God grant me the serenity to accept the things in life I cannot change…
When I gave my testimony during a recent worship service, I spoke of my mother and how she took me to church when I was small. It set the foundations of my faith, which almost disappeared in my rebellious my teenage years; God, in his vast mercy, would call me back (“his steadfast love endures forever”). If you’ve read my blog before, you know that my mother’s mental health spiraled downward after I married and left home. After one shattering incident in the presence of my young children, I told her she had to get help or the boys and I could not be around her.
She said she would.
She couldn’t change. Or wouldn’t. Our relationship was lost. At least in this life, on this earth.
Perhaps you do not know that there’s more to that familiar portion of the Serenity Prayer, so beautifully stiched by my mother in those long-ago years before the seeds of destruction grew to bear such terrible fruit:
Living one day at a time,
Enjoying one moment at a time,
Accepting hardship as the pathway to peace,
Taking, as He did, this sinful world as it is,
Not as I would have it,
Trusting that He will make all things right
if I surrender to His Will,
That I may be reasonably happy in this life,
And supremely happy with Him forever in the next.
Amen.
I imagine Mom, despite all the hardship, supremely happy with the Lord, her pain and suffering in his world not even a memory now. She would know that I forgave her long ago for the deep pain she caused me. In the Lord’s presence, she would have forgiven the separation I chose in order to survive.
One more thing. Prayers end with Amen, my chosen “word” of the year. I wrote about it in last month’s Spiritual Journey post. Amen means so be it or truly, signifying acceptance. The first time it appears in Scripture, curiously, is in the book of Numbers when a priest declares a curse on a woman for committing adultery. She says Amen, Amen, accepting the punishment.
It so happens that my mother’s given name is a form of verily, meaning truly, from the same Hebrew root as amen. When my pastor son gave me a necklace engraved with Amen for Christmas, I doubt he knew the depth of meaning it held for me. So be it. Truly. I accept it all, Mom. I cannot change it now. And I am grateful to the end of my days for every good and loving thing you did for me.

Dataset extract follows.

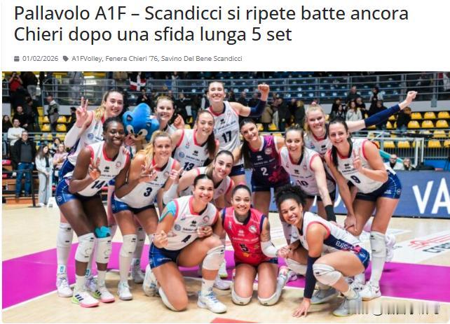 朱婷意甲前东家队友安德罗波娃(MVP)豪砍 30 分 斯坎迪奇再次经过五局苦战击败基耶里 斯坎迪奇凭借品格和沉重的实力赢得了胜利。她们在都灵贾尼阿斯蒂球馆,经过漫长且激烈的五局大战,在决胜局(15-13)击败了基耶里。面对强劲的基耶里,主教练马尔科·加斯帕里的球队赢得了本赛季第 31 场和联赛第 20 场胜利,同时在五局大战中保持不败:赛季四战全胜。 比赛以非常平衡的第一局开始,经过平分加加时以基耶里获胜(27-25)而告终。斯坎迪奇在第二局立即做出了回应(25-18),但在第三局,基耶里在关键时刻表现更佳,再次领先(25-21)。斯坎迪奇在第四局重新追平比分并占据主导(25-20)。在决胜局中她们以优异表现取得胜利(15-13)。 从技术统计角度看,斯坎迪奇在拦网方面尤其突出,以 14 次得分领先基耶里的 4 次,同时发球也表现出色(6 次发球得分)。扣球成功率两队相同(44%),证明了比赛整体的平衡。 全场最佳得分是接应安德罗波娃,得到 30 分,其中包括 5 次发球得分,因此她当之无愧地获得 MVP。基耶里队方面,内尔维尼和接应内梅斯各得到 24 分。斯坎迪奇将于 2 月 4 日星期三土耳其时间 19:30(意大利时间 17:30)再次出战欧冠,客场对阵伊斯坦布尔瓦基弗银行,这场比赛将决定欧冠冠军联赛 A 组积分头名的归属,排名第一将直接晋级八强赛。 基耶里 – 斯坎迪奇:2-3 (27-25、18-25、25-21、20-25、13-15) 基耶里:安图诺维奇、德格拉迪 3、昆兹勒 10、斯普利图 (自由人)、费拉里尼、博纳费德 (自由人) 未上场、阿尔贝蒂 未上场、范·阿伦 1、内尔维尼 24、巴哈 4、内梅斯 24、塞库拉耶夫 10、丹布林克、格雷 5 主教练:内格罗·萨维诺 斯坎迪奇:特拉巴里 (自由人) 未上场、贝奇斯、斯金纳 10、卡斯蒂略(自由人)、鲁丁斯 5、富兰克林 5、里贝奇 1、波塞蒂 6、奥格涅诺维奇 3、曼奇尼未上场、格拉齐亚尼 未上场、恩瓦卡洛尔 10、安德罗波娃 30、韦茨尔 13 主教练:加斯帕里 来源:电子排球杂志
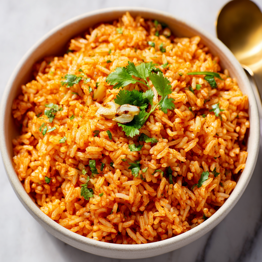 In many households across Mexico and the American Southwest, arroz rojo is a staple that appears on the table several times a week. It pairs effortlessly with tacos, enchiladas, grilled meats, beans, and roasted vegetables, yet it is satisfying enough to enjoy on its own. What makes it special is not complexity, but technique. The rice is toasted first, garlic is gently cooked until fragrant, and tomato is layered in just the right amount to color and season without overpowering.

And I pray, not for serenity, but definitely for courage, daily striving to see and surrender to His will. I pray that my words, actions, and choices will help, and not harm, others.
God grant me wisdom, indeed.
Amen.

with thanks to my fellow Spiritual Journey writers and Bob Hamera for hosting this month on a theme of “attitude.” While I didn’t write around the word specifically, my hope is that it’s evident in this particular portion of my own spiritual journey.